> [PROBLEM REQUIREMENTS]: Would you output all the lines below precisely as they stand, leaving each picture out?

> [DATA BELOW]:
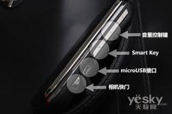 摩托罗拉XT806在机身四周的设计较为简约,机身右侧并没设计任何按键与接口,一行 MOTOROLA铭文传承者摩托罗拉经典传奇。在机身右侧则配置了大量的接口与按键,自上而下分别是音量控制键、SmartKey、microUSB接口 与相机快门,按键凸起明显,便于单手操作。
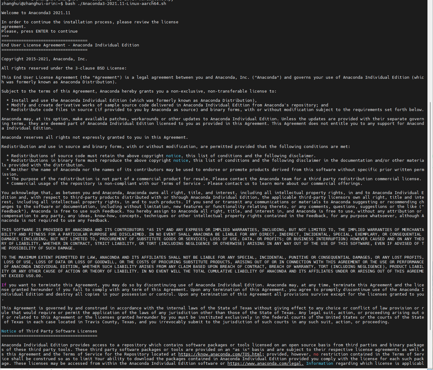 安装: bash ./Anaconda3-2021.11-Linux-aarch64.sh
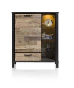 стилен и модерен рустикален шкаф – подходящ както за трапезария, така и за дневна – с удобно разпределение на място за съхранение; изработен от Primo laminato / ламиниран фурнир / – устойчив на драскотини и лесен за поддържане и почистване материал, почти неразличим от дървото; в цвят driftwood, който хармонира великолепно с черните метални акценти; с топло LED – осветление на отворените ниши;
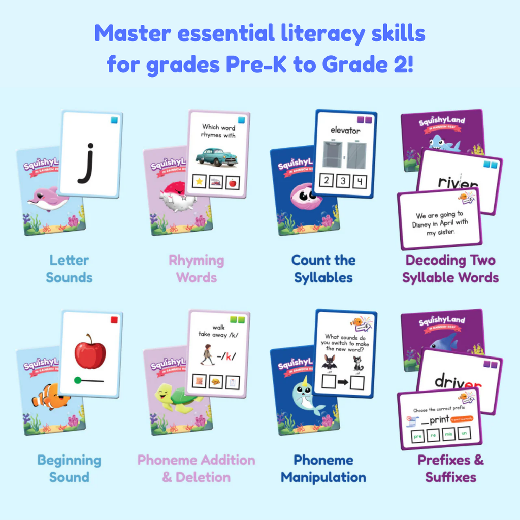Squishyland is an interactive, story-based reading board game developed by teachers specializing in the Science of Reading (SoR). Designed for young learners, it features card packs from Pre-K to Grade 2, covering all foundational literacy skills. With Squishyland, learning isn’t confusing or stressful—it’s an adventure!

> [ANSWER AREA]:
 摩托罗拉XT806在机身四周的设计较为简约,机身右侧并没设计任何按键与接口,一行 MOTOROLA铭文传承者摩托罗拉经典传奇。在机身右侧则配置了大量的接口与按键,自上而下分别是音量控制键、SmartKey、microUSB接口 与相机快门,按键凸起明显,便于单手操作。
 安装: bash ./Anaconda3-2021.11-Linux-aarch64.sh
 стилен и модерен рустикален шкаф – подходящ както за трапезария, така и за дневна – с удобно разпределение на място за съхранение; изработен от Primo laminato / ламиниран фурнир / – устойчив на драскотини и лесен за поддържане и почистване материал, почти неразличим от дървото; в цвят driftwood, който хармонира великолепно с черните метални акценти; с топло LED – осветление на отворените ниши;
Squishyland is an interactive, story-based reading board game developed by teachers specializing in the Science of Reading (SoR). Designed for young learners, it features card packs from Pre-K to Grade 2, covering all foundational literacy skills. With Squishyland, learning isn’t confusing or stressful—it’s an adventure!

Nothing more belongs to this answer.